Newscoma Has Moved
Wednesday, November 22, 2006
  Ask Not ... I was born in 1965, two years after John F. Kennedy was assassinated in Dallas. I've seen the film footage of the shooting more times than I can remember or really have wanted to see. My mother, up until the day she died talked about John F. Kennedy with such reverence and with tears in her eyes and she, although a very shy, quiet woman, would be asked by me and my sister to tell us about how she felt. Her shyness put to the side, she would talk about the feelings she had when Kennedy was elected, and the horror she felt the day he was shot. We would listen and we believed her because her words were brutally honest and she was our mother and this meant so much to her, so thus, it meant a lot to us. She was devastated. She believed in his message of hope. And although I'm not one of those people who watches the Kennedys with bated breath treating them as if they are American royalty (which I do not believe), I have read many things on what Pres. Kennedy did. In my office, I have a copy of his inauguration speech hanging on the wall, which I believe is one of the most powerful political writings of the last century.

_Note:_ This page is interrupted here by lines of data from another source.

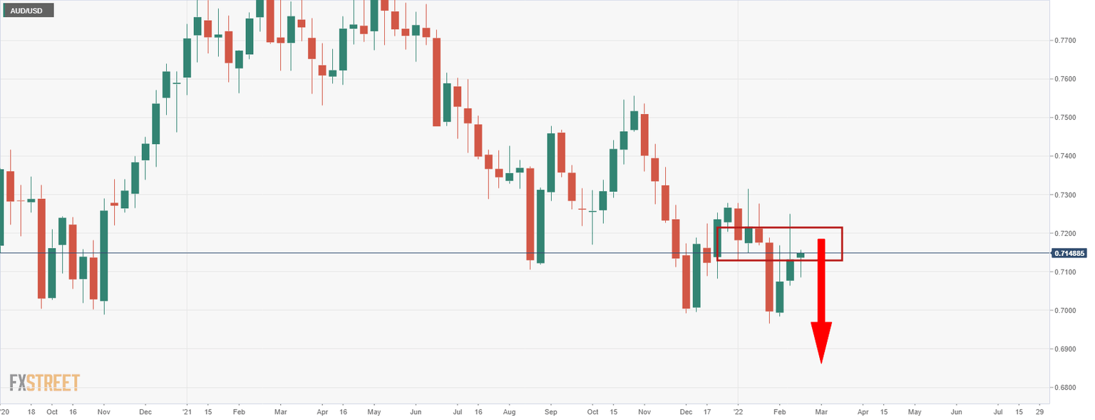The focus is on the downside for a restest of the support near 0.7150. Below there, the bears could be encouraged to move to the longer-term charts and assess the landscape as follows:
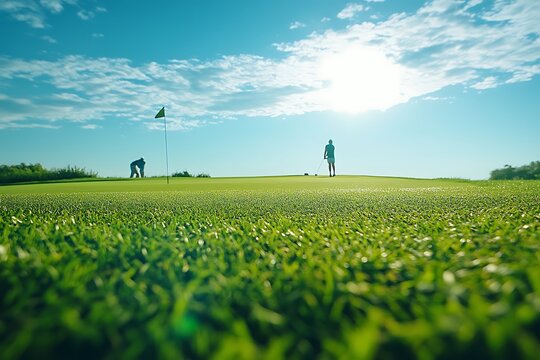 Golfers enjoying leisurely game puttting on sunny course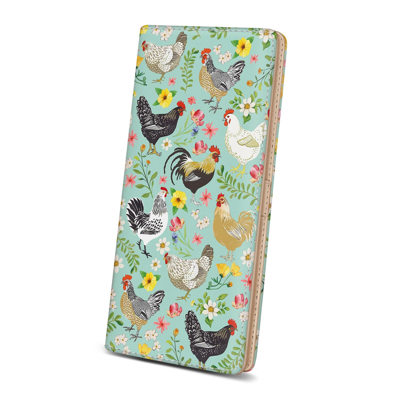 Immaturus Womens Wallet, Chickens Floral Slim Thin RFID Blocking Credit Card Wallets, Long Bifold PU Leather Card Holder Organizer, Cute Cash Clutch Billfold with Zipper Coin Pocket Ladies Girls Gift
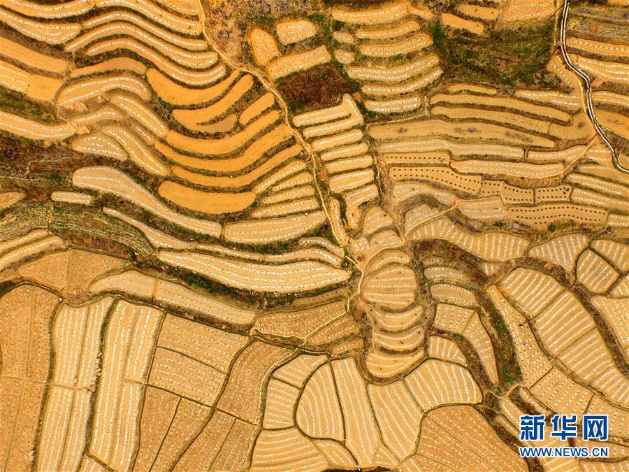 這是3月14日航拍的廣西百色市右江區(qū)永樂鎮(zhèn)西北樂村西瓜梯田景色。時下,廣西百色市右江區(qū)永樂鎮(zhèn)西北樂村進入西瓜種植護理季節(jié),地膜縱橫交錯的層層瓜田和壯族村落構成一幅美麗的田園畫卷。百色市右江區(qū)永樂鎮(zhèn)是廣西有名的西瓜之鄉(xiāng),全鎮(zhèn)種植西瓜1.5萬畝,年產西瓜2.8萬噸。新華社記者 黃孝邦 攝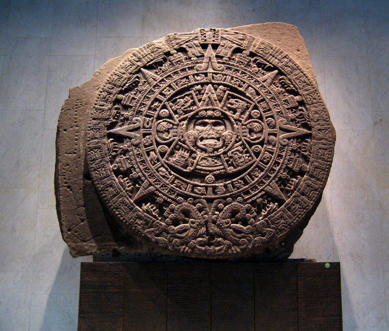 Notes: This giant carved and decorated stone disk measures 3.6 m across and it weighs between 22,000 and 24,000 k. This is a sun monument, not precisely a calendar, but it does contain elements of the Aztec calendar in it. Most scholars believe that originally it was displayed horizontally, not vertically as it is exhibited in a most prominent place in MNA's Sala Azteca. In the center is the sun god, Tonatiuh, whose tongue is sticking out (a symbol of obsidian knives used for sun sacrifices). He is seen with jade ornaments and evenly combed (golden?) hair shown symetrically on each side of his face. Originally, it was painted gold and red over exposed stone. Tonatiuh represents the Fifth Sun. In the surrounding circle we see four square boxes, one for each of the previous Suns. Continuing out from the center, beyond the circle with the four suns, the next and larger circle shows symbols for the 20 days of each Aztec month. The next ring is edged with four large A shapes with curling feet: these pointed shapes represent the four cardinal points. The top A shape is to be oriented toward the east, indicating the rising sun; the bottom A shape is oriented west, representing the feminine principal that leads to the setting sun and descent into the death and the underworld. In the next circle, which intersects with the four larger A-shaped cardinal points, are stones, feathers and elements related to sacrifices. The last circle at the outer ring depicts two Fire Serpents (Xiuhcóatl) below a glyph (symbol) for 13-Cane, the day date when the Sun Stone was inaugurated. The two serpents' heads are shown at the bottom with open jaws. In each open mouth is a head, presumably that of a sacrificed head: this represents the battles of life and death during the night and in the underworld.
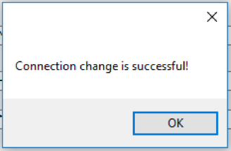Click on Change Hana Connection and the following dialog will be shown to confirm the connection has been changed successfully.

And he spoke about unity. He spoke of the choices and responsibilites of the average citizen in defining their roles in the governmental process. And he was dangerous enough to some people as he was struck down as a young man with much more to do. Was he perfect? No. Was he what nation needed at the time of his presidency? Yes. These words are quite frank and simple. I leave you with this, on the anniversary of his assassination. Words written as he took office before the innocence and the assassinations of Kennedy, his brother Bobby, and Martin Luther King dropped our nation to its knees:
Now the trumpet summons us again -- not as a call to bear arms, though arms we need -- not as a call to battle, though embattled we are -- but a call to bear the burden of a long twilight struggle, year in and year out, "rejoicing in hope; patient in tribulation," a struggle against the common enemies of man: tyranny, poverty, disease, and war itself.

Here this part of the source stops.